#### Available data:
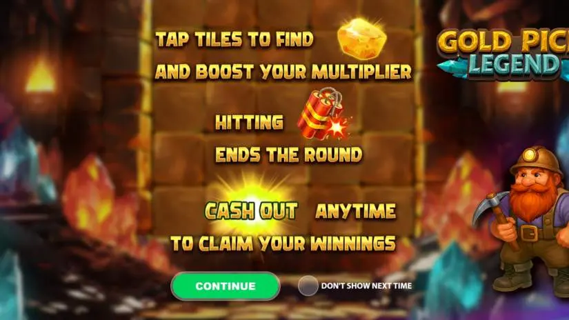 In Gold Pick Legend, every gold nugget you find fuels your journey to riches. As you find gold, a progress bar lights up, and each illuminated segment marks a step toward the legendary treasure.
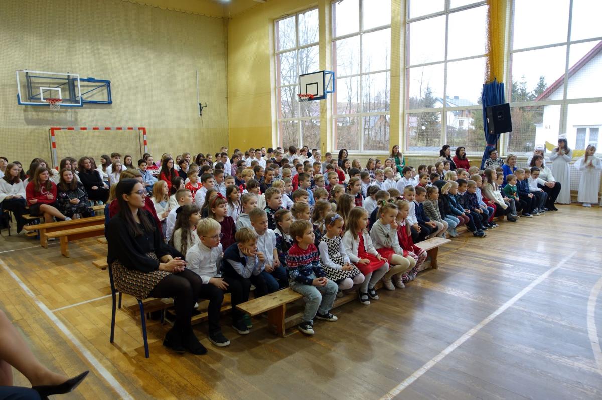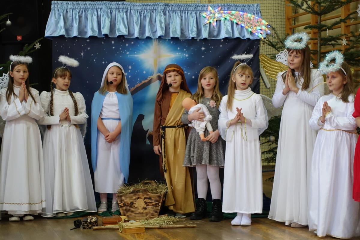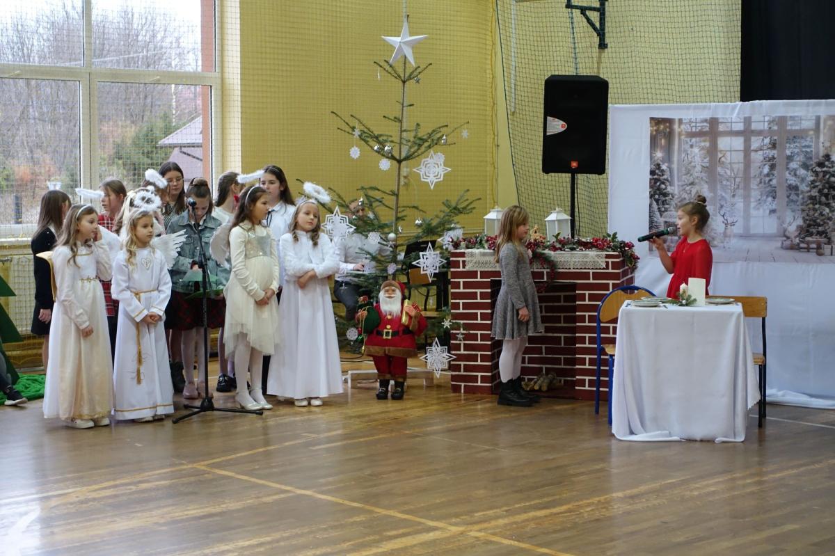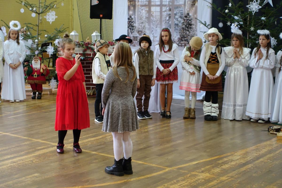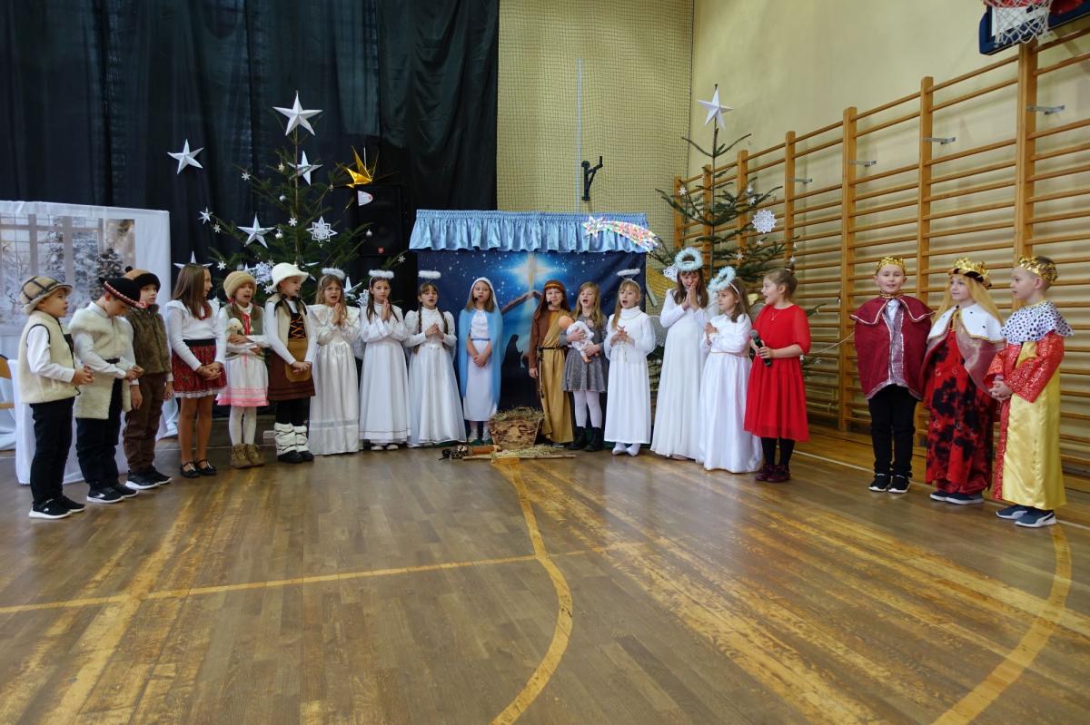 Po wspólnym posiłku społeczność naszej szkoły uczestniczyła w Jasełkach, przygotowanych przez uczniów klasy drugiej pod kierunkiem p. Barbary Stelmach. Wspaniała scenografia, piękne kostiumy oraz poruszające kolędy i pastorałki sprawiły, że wszyscy czuli się częścią tej pięknej opowieści. Uczniowie poprzez udział w tym wydarzeniu mieli szansę na refleksję nad istotą świąt, wartościami takimi jak miłość, pokój i empatia.
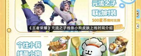 《王者荣耀》在S42赛季开启的时候,会开启很多有趣的活动内容,在新赛季中,推出了全新的小狗线条的联动活动,此次还有一款联动皮肤是通过500星币来兑换的,给到了元流之子,同时我们还可以通过一颗荣耀水晶来兑换线条小狗的个性小兵装扮,那么这皮肤什么时候上线呢?这里羊托游小编为你带来了《王者荣耀》元流之子线条小狗皮肤上线时间介绍的全部内容,感兴趣的小伙伴欢迎点击进入看看吧。
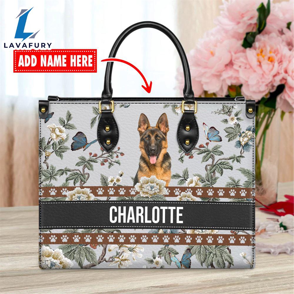 Product Details German Shepherd Dog Bior Leather Handbag With Flowers And Butterfly Love Your Pet
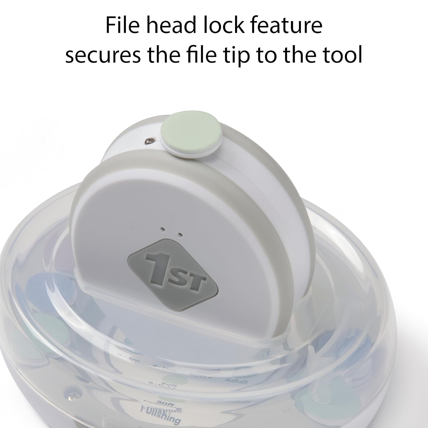 FILE HEAD LOCK FOR ADDED SAFETY The file head lock feature secures the file tip to the tool and prevents your child from removing it.
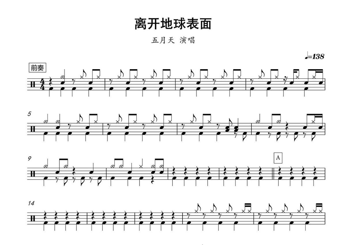 五月天《离开地球表面》鼓谱 - 架子鼓谱
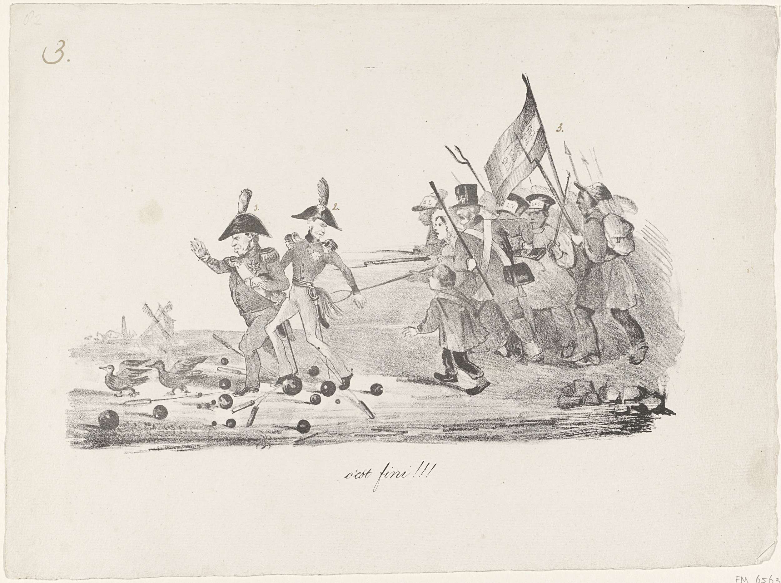 Spotprent op de vervallenverklaring van het Huis van Oranje-Nassau van de Belgische troon door het Belgische Congres, 23 november 1830. Een groep Belgische opstandelingen verjaagt koning Willem I en prins Frederik uit het land. Op de grond tussen de voeten van de Nederlanders liggen kanonskogels en vuurpijlen.
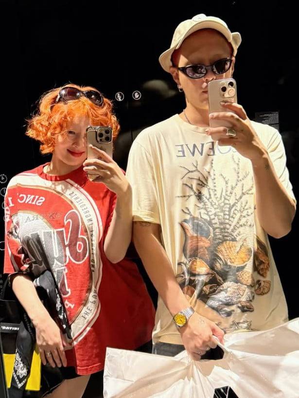 또한 두 사람은 눈 밑 광대 부위의 '커플 피어싱'을 비롯해 커플링, 커플 선글라스까지 착용하며 톡톡 튀는 케미스트리를 자랑했다.
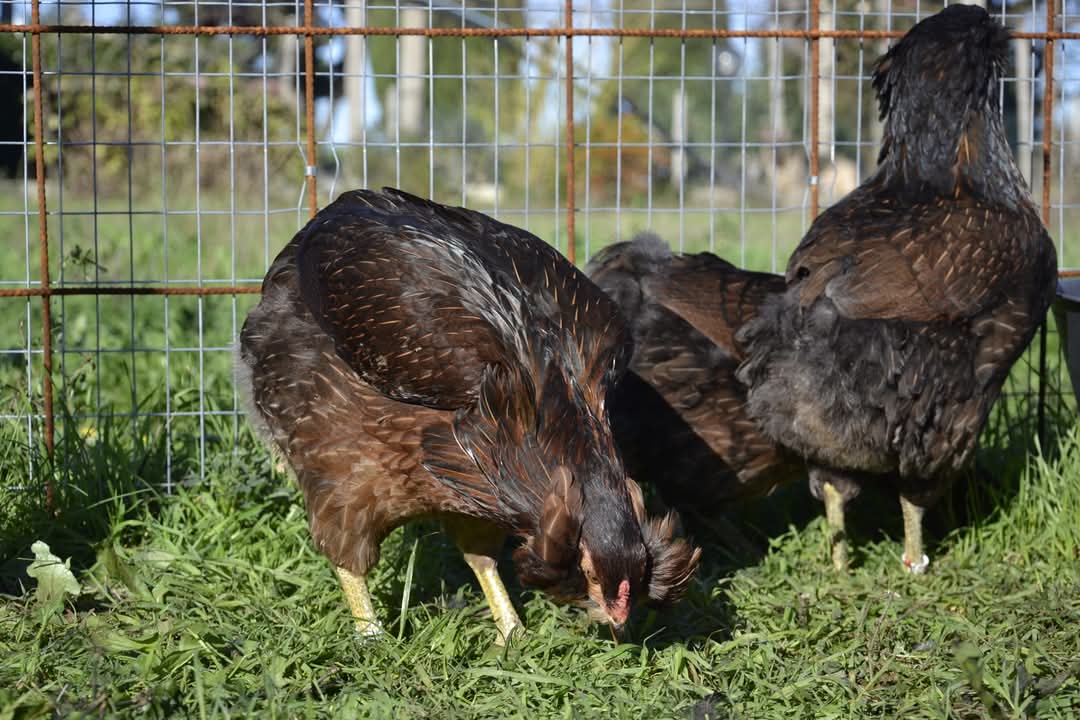 Testa e piumaggio del collo bruno dorato con fiamme nere. Petto salmone. Piumaggio del mantello bruno con pepatura nera, rachide bruno chiaro e orlatura nerastra più o meno marcata. Gambe grigio/bruno. Addome grigio/nero. Tarsi verde salice. Iride di colore rosso/aranciato.
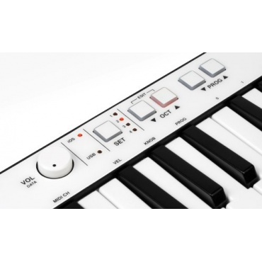 Vorhanden sind der Edit-Mode für Transpose, Programm und Control Changes, Pitch Bend, Modulationsrad und ein Oktavenumschalter. Sample Tank free, iGrand Piano free (für iOS) und Sample Tank 2L (für Mac/PC) sind inklusive. Bei dieser Version ist auch ein Lightning Kabel vorhanden. Das Gerät ist kompatibel zu allen Apple Geräten
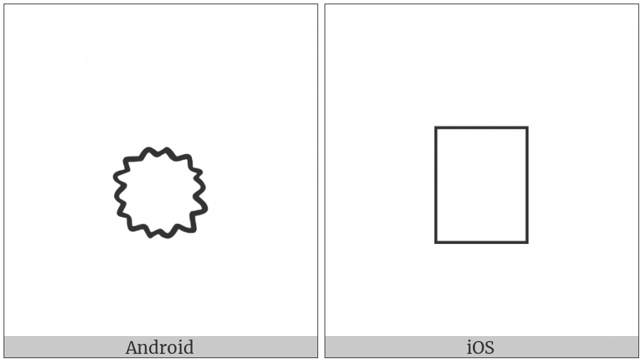 The image below shows how the “Anatolian Hieroglyph A188” symbol might look like on different operating systems. If the font in which this web site is displayed does not contain the symbol and there is no fallback font able to render it, you can use the image below to get an idea of what it should look like.
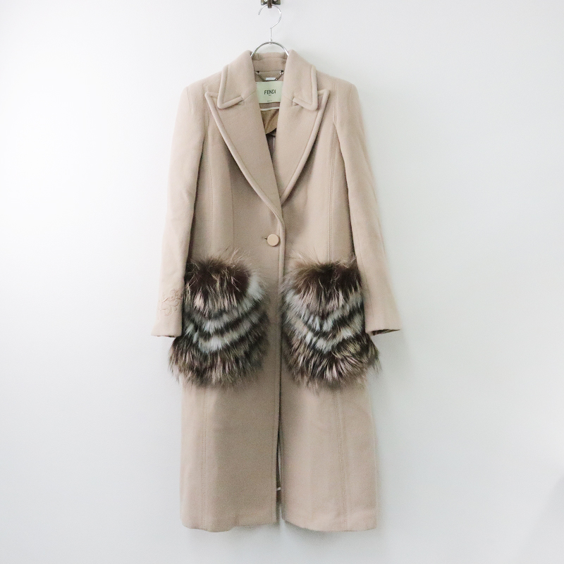 フェンディ FENDI フォックスファーポケット ラムウール ロングコート
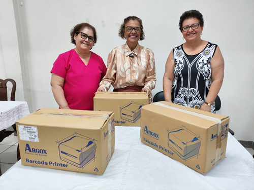 A enfermeira Danielli e a farmacêutica Ana Paula, acompanharam a entrega dos equipamentos. Vários colaboradores do Hospital da Criança estiveram presentes na entrega das impressoras, entre eles as médicas Cláudia Macedo e Márcia Mundim, responsáveis pelo hospital.
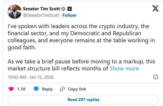 参议院更广泛的加密货币议程也在发生变化。参议院农业委员会主席约翰·布兹曼(John Boozman)也已将其委员会的标记审议推迟到一月更晚,称议员需要更多时间敲定剩余政策细节并争取广泛支持。
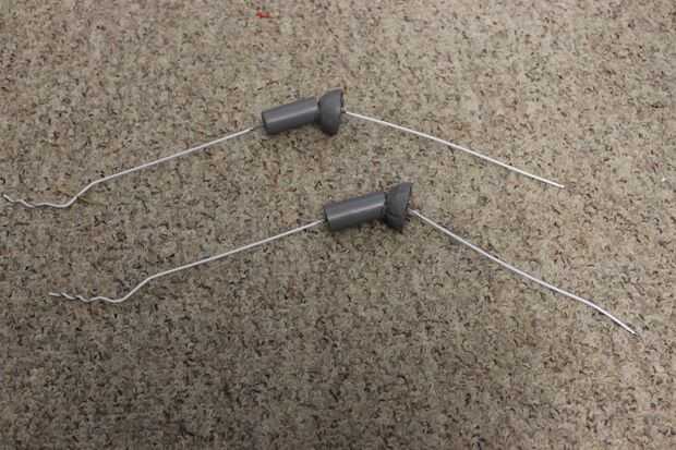 Para la antena aparte tomamos una vieja antena de tv (al estilo de la oreja de conejo) y quitar la punta de uno de los tubos telescópicos. Mi compañero había soldado el LED verde a dos cables que alimentan a través de la antena y conectada a la batería y el interruptor.
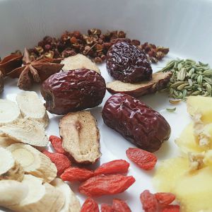 牛肉上色后,放入洋葱,将洋葱炒至变软、发黄,加入温水、红枣、黄芪、枸杞。小火闷煮一小时左右。

#### Problem requirements:
From the material above, set down each entry exactly, but exclude the pictures.

#### Task solution:
 In Gold Pick Legend, every gold nugget you find fuels your journey to riches. As you find gold, a progress bar lights up, and each illuminated segment marks a step toward the legendary treasure.
 Po wspólnym posiłku społeczność naszej szkoły uczestniczyła w Jasełkach, przygotowanych przez uczniów klasy drugiej pod kierunkiem p. Barbary Stelmach. Wspaniała scenografia, piękne kostiumy oraz poruszające kolędy i pastorałki sprawiły, że wszyscy czuli się częścią tej pięknej opowieści. Uczniowie poprzez udział w tym wydarzeniu mieli szansę na refleksję nad istotą świąt, wartościami takimi jak miłość, pokój i empatia.
 《王者荣耀》在S42赛季开启的时候,会开启很多有趣的活动内容,在新赛季中,推出了全新的小狗线条的联动活动,此次还有一款联动皮肤是通过500星币来兑换的,给到了元流之子,同时我们还可以通过一颗荣耀水晶来兑换线条小狗的个性小兵装扮,那么这皮肤什么时候上线呢?这里羊托游小编为你带来了《王者荣耀》元流之子线条小狗皮肤上线时间介绍的全部内容,感兴趣的小伙伴欢迎点击进入看看吧。
 Product Details German Shepherd Dog Bior Leather Handbag With Flowers And Butterfly Love Your Pet
 FILE HEAD LOCK FOR ADDED SAFETY The file head lock feature secures the file tip to the tool and prevents your child from removing it.
 五月天《离开地球表面》鼓谱 - 架子鼓谱
 Spotprent op de vervallenverklaring van het Huis van Oranje-Nassau van de Belgische troon door het Belgische Congres, 23 november 1830. Een groep Belgische opstandelingen verjaagt koning Willem I en prins Frederik uit het land. Op de grond tussen de voeten van de Nederlanders liggen kanonskogels en vuurpijlen.
 또한 두 사람은 눈 밑 광대 부위의 '커플 피어싱'을 비롯해 커플링, 커플 선글라스까지 착용하며 톡톡 튀는 케미스트리를 자랑했다.
 Testa e piumaggio del collo bruno dorato con fiamme nere. Petto salmone. Piumaggio del mantello bruno con pepatura nera, rachide bruno chiaro e orlatura nerastra più o meno marcata. Gambe grigio/bruno. Addome grigio/nero. Tarsi verde salice. Iride di colore rosso/aranciato.
 Vorhanden sind der Edit-Mode für Transpose, Programm und Control Changes, Pitch Bend, Modulationsrad und ein Oktavenumschalter. Sample Tank free, iGrand Piano free (für iOS) und Sample Tank 2L (für Mac/PC) sind inklusive. Bei dieser Version ist auch ein Lightning Kabel vorhanden. Das Gerät ist kompatibel zu allen Apple Geräten
 The image below shows how the “Anatolian Hieroglyph A188” symbol might look like on different operating systems. If the font in which this web site is displayed does not contain the symbol and there is no fallback font able to render it, you can use the image below to get an idea of what it should look like.
 フェンディ FENDI フォックスファーポケット ラムウール ロングコート
 A enfermeira Danielli e a farmacêutica Ana Paula, acompanharam a entrega dos equipamentos. Vários colaboradores do Hospital da Criança estiveram presentes na entrega das impressoras, entre eles as médicas Cláudia Macedo e Márcia Mundim, responsáveis pelo hospital.
 参议院更广泛的加密货币议程也在发生变化。参议院农业委员会主席约翰·布兹曼(John Boozman)也已将其委员会的标记审议推迟到一月更晚,称议员需要更多时间敲定剩余政策细节并争取广泛支持。
 Para la antena aparte tomamos una vieja antena de tv (al estilo de la oreja de conejo) y quitar la punta de uno de los tubos telescópicos. Mi compañero había soldado el LED verde a dos cables que alimentan a través de la antena y conectada a la batería y el interruptor.
 牛肉上色后,放入洋葱,将洋葱炒至变软、发黄,加入温水、红枣、黄芪、枸杞。小火闷煮一小时左右。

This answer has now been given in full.